Sleep questionnaires

The Pittsburg Sleep Quality Index (PSQI) and the Epworth Sleepiness Scale (ESS) were administered to assess sleep quality and daytime sleepiness. A cut-off of > 4 points was considered indicative of poor sleep quality in the PSQI and a cut-off of > 10 points was considered indicative of excessive daytime sleepiness in the ESS. Both questionnaires have been previously validated in Spanish34,35 and were administered once at each measurement time-point with the intention of capturing aspects of the sleep experience from the previous month.

Actigraphy and sleep logs

Sleep was assessed by wrist accelerometers (MicroMini Motionloggers Actigraphs, Ambulatory Monitoring Inc., Ardsley, NY). Participants were asked to wear the devices during seven days on the non-dominant wrist at each measurement time-point. The recordings were analyzed by the software provided by the manufacturer (Action-W User’s Guide, Version 2.4; Ambulatory Monitoring, Inc., Ardsley, NY). In addition, participants completed a sleep log with information on their main sleep period and naps. The following indexes were reported: number of recorded nights, sleep onset (starting time of the first sleep episode after bedtime, as recorded by actigraphy), sleep offset (ending time of the last sleep episode before waking-up time, as recorded by actigraphy), sleep duration (time elapsed between onset and offset), sleep efficiency (ratio expressed as % of the total time spent sleeping compared to the total amount of time spent in bed). Sleep onset values were linearized before statistical analyses were conducted.
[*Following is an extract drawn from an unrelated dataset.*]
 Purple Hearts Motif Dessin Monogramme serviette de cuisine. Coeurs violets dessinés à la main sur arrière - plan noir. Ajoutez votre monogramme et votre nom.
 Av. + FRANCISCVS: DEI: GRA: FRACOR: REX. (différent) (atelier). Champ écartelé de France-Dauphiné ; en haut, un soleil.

For daytime sleep episodes, the mean number of sleep episodes observed during the measurement period, and the mean daytime sleep duration were calculated averaging by the length of the measurement period, thus including days with and without daytime sleep. We also reported the ratio of daytime sleep compared to the nighttime sleep. Conversely, the nap mean onset, offset, duration and efficiency were calculated averaging by the number nap episodes, for those participants who slept at least one nap at each measurement period29,30,31.
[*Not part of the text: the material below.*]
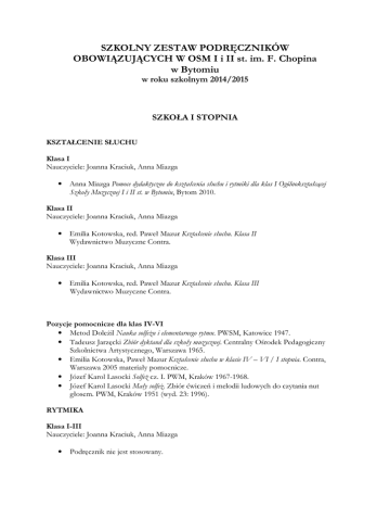 SZKOLNY ZESTAW PODRĘCZNIKÓW OBOWIĄZUJĄCYCH W OSM I i II st. im. F. Chopina w Bytomiu w roku szkolnym 2014/2015 SZKOŁA I STOPNIA KSZTAŁCENIE SŁUCHU Klasa I Nauczyciele: Joanna Kraciuk, Anna Miazga • Anna Miazga Pomoce dydaktyczne do kształcenia słuchu i rytmiki dla klas I Ogólnokształcącej Szkoły Muzycznej I i II st. w Bytomiu, Bytom 2010. Klasa II Nauczyciele: Joanna Kraciuk, Anna Miazga • Emilia Kotowska, red. Paweł Mazur Kształcenie słuchu. Klasa II Wydawnictwo Muzyczne Contra. Klasa III Nauczyciele: Joanna Kraciuk, Anna Miazga • Emilia Kotowska, red. Paweł Mazur Kształcenie słuchu. Klasa III Wydawnictwo Muzyczne Contra. Pozycje pomocnicze dla klas IV-VI • Metod Doleżil Nauka solfeżu i elementarnego rytmu. PWSM, Katowice 1947. • Tadeusz Jarzęcki Zbiór dyktand dla szkoły muzycznej. Centralny Ośrodek Pedagogiczny Szkolnictwa Artystycznego, Warszawa 1965. • Emilia Kotowska, Paweł Mazur Kształcenie słuchu w klasie IV – VI / I stopnia. Contra, Warszawa 2005 materiały pomocnicze. • Józef Karol Lasocki Solfeż cz. I. PWM, Kraków 1967-1968. • Józef Karol Lasocki Mały solfeż. Zbiór ćwiczeń i melodii ludowych do czytania nut głosem. PWM, Kraków 1951 (wyd. 23: 1996). RYTMIKA Klasa I-III Nauczyciele: Joanna Kraciuk, Anna Miazga • Podręcznik nie jest stosowany. SZKOŁA II STOPNIA Klasa IV/II Nauczyciele: Anna Siemińska, Tomasz Grzyb, Adam Wesołowski • • • Jadwiga Dzielska, Lucjan Kaszycki Podręcznik do kształcenia słuchu. PWM, Kraków 1976. Metod Doleżil Nauka solfeżu i elementarnego rytmu. PWSM Katowice 1947. Maria Wacholc Czytanie nut głosem cz. II. PWM, Kraków 1997. Klasa V/II Nauczyciele: Anna Siemińska, Tomasz Grzyb, Adam Wesołowski • • • • Jadwiga Dzielska, Lucjan Kaszycki Podręcznik do kształcenia słuchu. PWM, Kraków 1976. Metod Doleżil Nauka solfeżu i elementarnego rytmu. PWSM Katowice 1947. Maria Wacholc Czytanie nut głosem cz. II. PWM, Kraków 1997. Maria Dziewulska, Aleksander Frączkiewicz, Krystyna Palowska Materiały do kształcenia słuchu. PWM, Kraków 1964. Klasa VI/II: Nauczyciele: Anna Siemińska, Tomasz Grzyb, Adam Wesołowski • Jadwiga Dzielska, Lucjan Kaszycki Podręcznik do kształcenia słuchu. PWM, Kraków 1976. • Maria Dziewulska, Aleksander Frączkiewicz, Krystyna Palowska Materiały do kształcenia słuchu. PWM, Kraków 1964. • Maria Wacholc Czytanie nut głosem cz. II, III. PWM, Kraków 1997. Pozycje pomocnicze dla klas I – VI/II • Metod Doleżil Nauka solfeżu i elementarnego rytmu. PWSM Katowice 1947. • Hanna Danyszowa Zbiór ćwiczeń do kształcenia słuchu. PWM, Kraków 1978. • Danuta Dobrowolska-Marucha Dyktanda muzyczne. PWM, Kraków 1988/2003. • Jadwiga Dzielska Materiały pomocnicze do kształcenia słuchu. PWM, Kraków 1978. • Jadwiga Dzielska Kształcenie słuchu muzycznego. PWN, Warszawa 1988. • Feliks Flis Materiały do kształcenia słuchu i nauczania zasad muzyki. AM Warszawa 1987. • Andrzej Hundziak Materiały do kształcenia słuchu według P. Hindemitha. Materiały pomocnicze dla nauczycieli szkół i ognisk muzycznych, Warszawa1974. • Józef Karol Lasocki Solfeż cz. I-II. PWM, Kraków 1967-1968. • Zofia Peret-Ziemlańska Ćwiczenia do samodzielnego kształcenia słuchu. WSiP, Warszawa 1980. • Joanna Subel Materiały do kształcenia słuchu. AM Wrocław 1996. • Stanisław Wiechowicz Ćwiczenia w starych kluczach cz. II (Bach Chorały) PWM Kraków. • Stanisław Kazuro Solfeggio czyli nauka czytania nut głosem. Warszawskie Konserwatorium Muzyczne, Warszawa 1918. • Witold Kulikowski 100 kanonów. PWM, Kraków 1951. • Franciszek Wesołowski Materiały do nauki o skalach muzycznych. PWM, Kraków 1997. • Franciszek Wesołowski Materiały do ćwiczeń harmonicznych. PWM, Kraków 1967. • Hugo Riemann Zbiór dyktand muzycznych. • Izabela Targońska Ćwiczenia do kształcenia słuchu. Centrum Edukacji Artystycznej, Warszawa 2003. • Izabela Targońska Kształcenie pamięci muzycznej. CEA Warszawa. • Maria Ćwiklińska, Malgorzata Rogozińska Dyktanda elementarne dla uczniów klas I i VI szkół muzycznych I stopnia. Triangiel, Warszawa 2006. • Zbiór zadań z egzaminów wstepnych z kształcenia słuchu. Akademia Muzyczna im. Fryderyka Chopina, Warszawa 2004. • Ewa Stachurska Ćwiczenia do realizacji przebiegów rytmicznych. Akademia Muzyczna im. Fryderyka Chopina, Warszawa. • Ewa Wilczyńska Ćwiczenia do kształcenia słuchu. Wybór z utworów Karola Szymanowskiego, Akademia Muzyczna im. F. Chopina, Warszawa 2005. ZASADY MUZYKI Nauczyciel: Agnieszka Tyńska – Kowalska, Dariusz Nurzyński Klasa I-II Pozycja podstawowa • Franciszek Wesołowski Zasady muzyki. PWM, Kraków 1986. Pozycje uzupełniające • Zofia Lissa Zarys nauki o muzyce. Wyd. Ad Oculos 2007 (wyd. 6). • Józef Karol Lasocki Podstawowe wiadomości z nauki o muzyce. PWM, Kraków 2004. • Feliks Flis Materiały do kształcenia słuchu i nauczania zasad muzyki. AM Warszawa 1987. • Franciszek Wesołowski Materiały do nauki o skalach muzycznych. PWM, Kraków 1997. • Stanisław Wiechowicz Ćwiczenia w starych kluczach cz. II (Bach Chorały) PWM Kraków. • Jadwiga Dzielska, Lucjan Kaszycki Podręcznik do kształcenia słuchu. PWM, Kraków 1976. • Witold Rudziński Nauka o rytmie muzycznym. PWM, Kraków 1987. LITERATURA MUZYCZNA Nauczyciele: Wiesława Sczendzina, Dariusz Nurzyński Klasa I-II • Danuta Wójcik Nauka o muzyce. Musica Iagellonica, Kraków 2001. • Bohdan Muchenberg Pogadanki o muzyce część I i II. PWM Kraków 1980. • Danuta Wójcik ABC form muzycznych. Musica Iagellonica, Kraków 1999. • Bohdan Muchenberg Literatura muzyczne. PWM Kraków 1981. HARMONIA Klasa III-V Nauczyciele: Anna Siemińska, Tomasz Grzyb, Adam Wesołowski Pozycje podstawowe • • • • Franciszek Wesołowski Materiały do ćwiczeń harmonicznych. PWM, Kraków 1969. Franciszek Wesołowski Nauka harmonii. Wyd. Akademia Muzyczna w Łodzi, Łódź 2008. Ka

Psychomotor vigilance task

We used a netbook-based adapted version of the Walter Reed Army Institute of Research five-minutes palm-held psychomotor vigilance task (PVT) to assess reaction time as a proxy of alertness. The PVT was administered in the early morning after breakfast and in the late afternoon before dinner, on one  day for each of the measuring time points. Five different indexes were reported: the mean response times for all trials (MRT); the standard deviation of the response times for all trials (SRT); the fastest 10% of response times for all trials, or optimum response domain (FRT); the slowest 10% of reciprocal response times for all trials, or lapse domain (IRT); and the percentage of response times ≥500 ms for all trials, or percentage of lapses (LRT)36,37.

Statistical analysis

Values are reported as mean ± SEM. Differences between measurement points (March, May, July, September and November) were assessed by means of repeated measures ANOVA. An uncorrected F test was reported when sphericity was assumed, which was tested with Mauchly’s test of Sphericity. A  Greenhouse – Geisser correction was presented otherwise. Multiple comparisons between measurements points were conducted by means of a Bonferroni post-hoc test.
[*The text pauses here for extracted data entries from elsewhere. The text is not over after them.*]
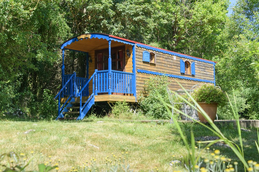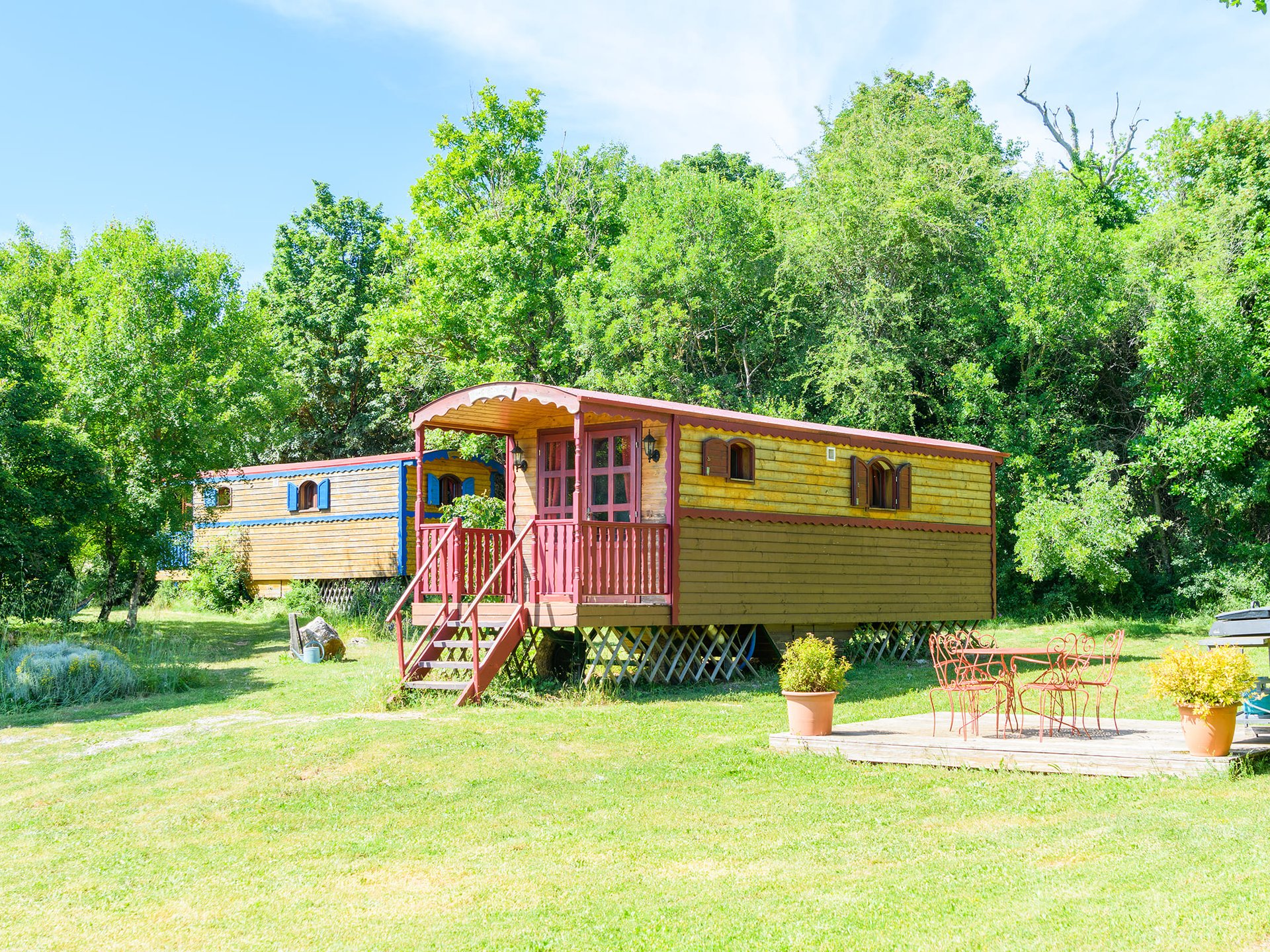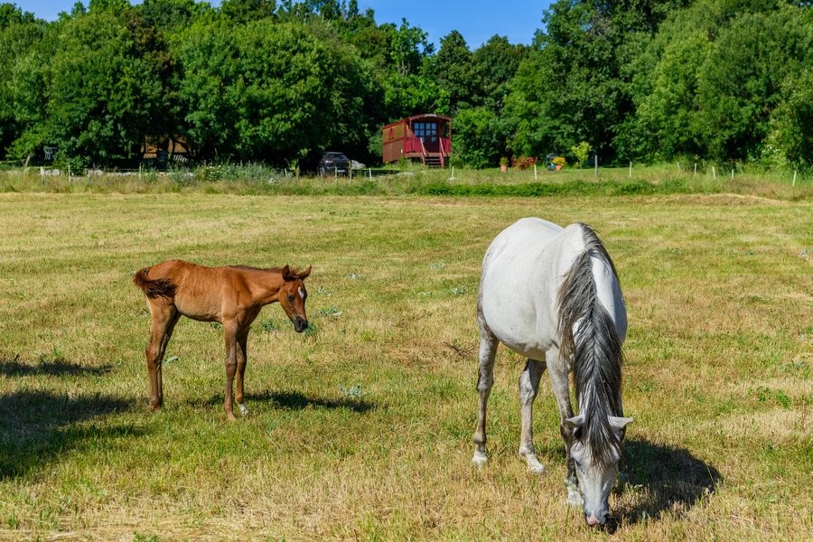 Au cœur du domaine équestre du Quintanel, deux roulottes en bois vous attendent, posées en pleine……
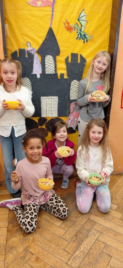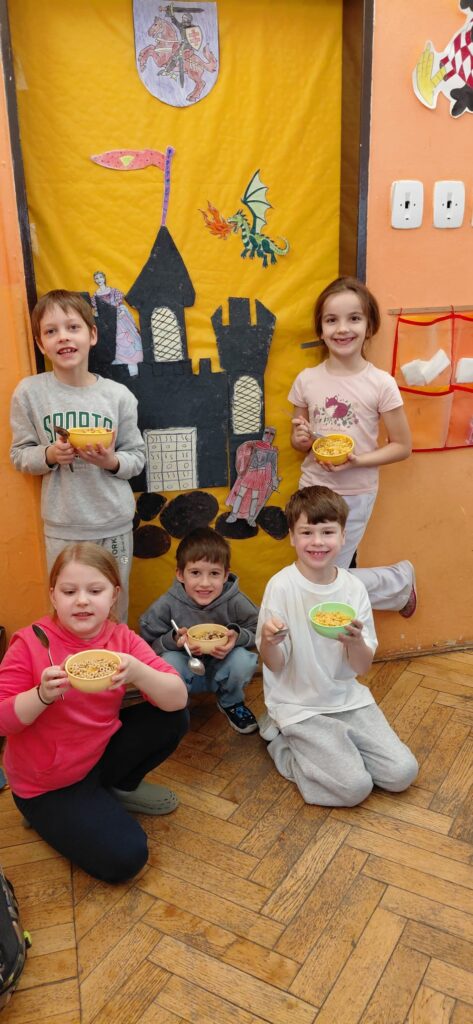 Únor se v naší družině nese v duchu středověku! Naši nejmenší se s nadšením pustili v družině do přípravy pokrmu, který byl ve středověku téměř každodenní součástí jídelníčku – kaše. Děti se dozvěděly, že nejčastěji se vařila kaše prosná, ale oblíbená byla také kaše pšeničná či ovesná.
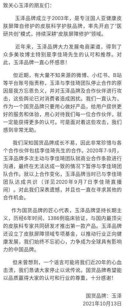 玉泽在这则声明中表示,近期有大量不知来源的微博、小红书、B站等账号,指责玉泽与李佳琦团队停止合作的原因是玉泽“忘恩负义”,并对玉泽品牌进行攻击,为此玉泽“感到非常无助”,恳请网友停止“以讹传讹”。
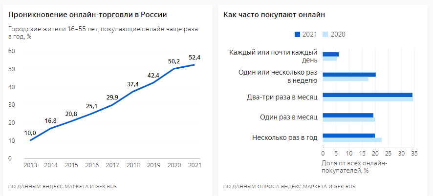 - "Яндекс.Маркет"/GfK (декабрь): 52,4% россиян в возрасте 16-55 лет покупает что-нибудь в интернете минимум два раза в год. 80% онлайн-покупателей заказывают что-то минимум раз в месяц, 26% - минимум раз в неделю.
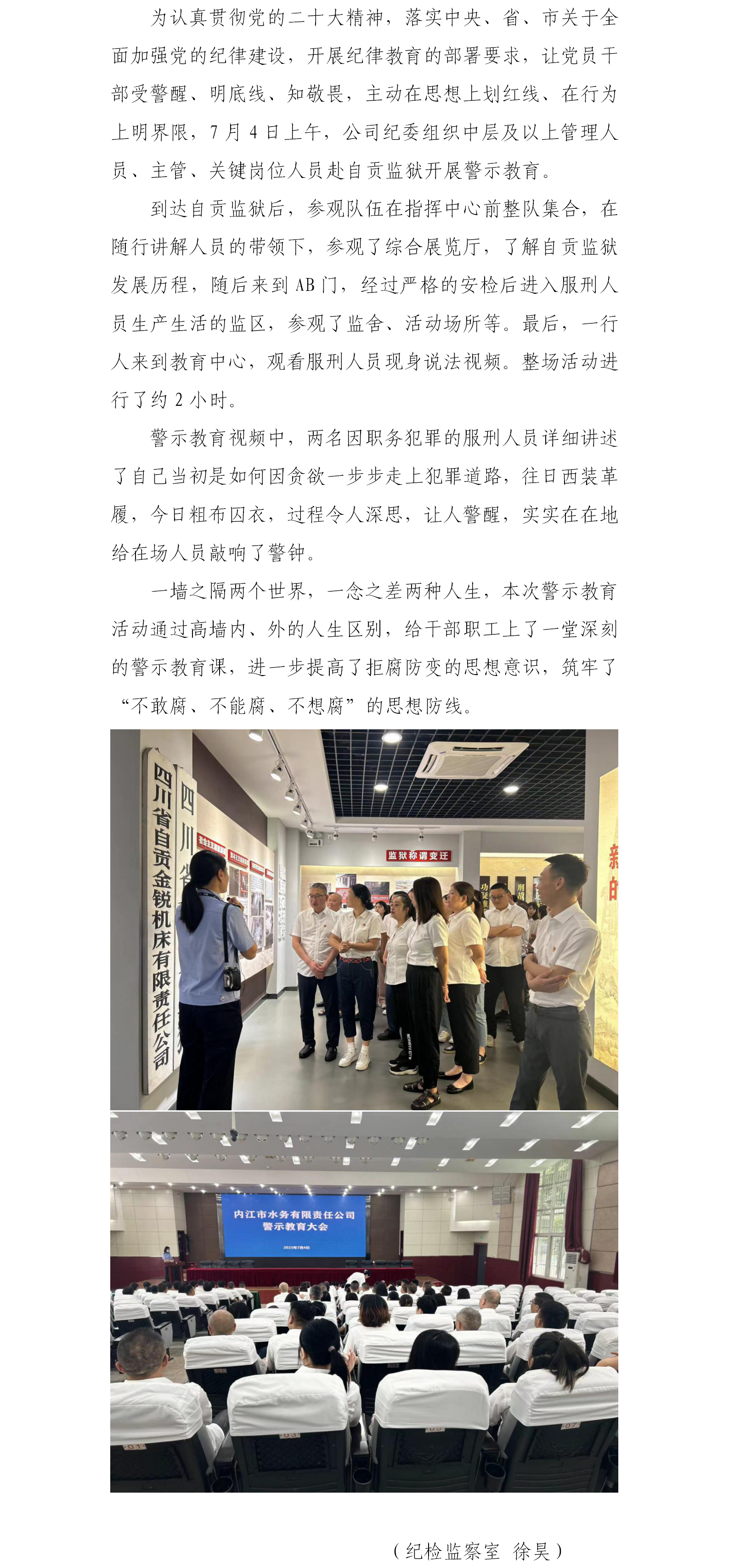 皇冠体育博彩干部职工赴自贡监狱开展警示教育

Bivariate correlations of mean reaction time with sleep onset, sleep duration, sleep efficiency, diurnal sleep average and average napping duration were explored through Pearson correlation tests, adjusted for multiple comparisons by the Bonferroni procedure. Then, to test whether sleep-wake cycle during the year (i.e. the interaction between sleep-wake cycle and seasonality) modulate alertness variations, a linear mixed model analysis was conducted. Mean reaction time was included as a dependent variable, measurement month as a repeated fixed factor, and the aforementioned indexes as covariates in separate models.

Data was tested for normality using the one- sample Kolmogorov–Smirnov test. All reported tests were performed two-tailed, with an alpha value set at 0.05.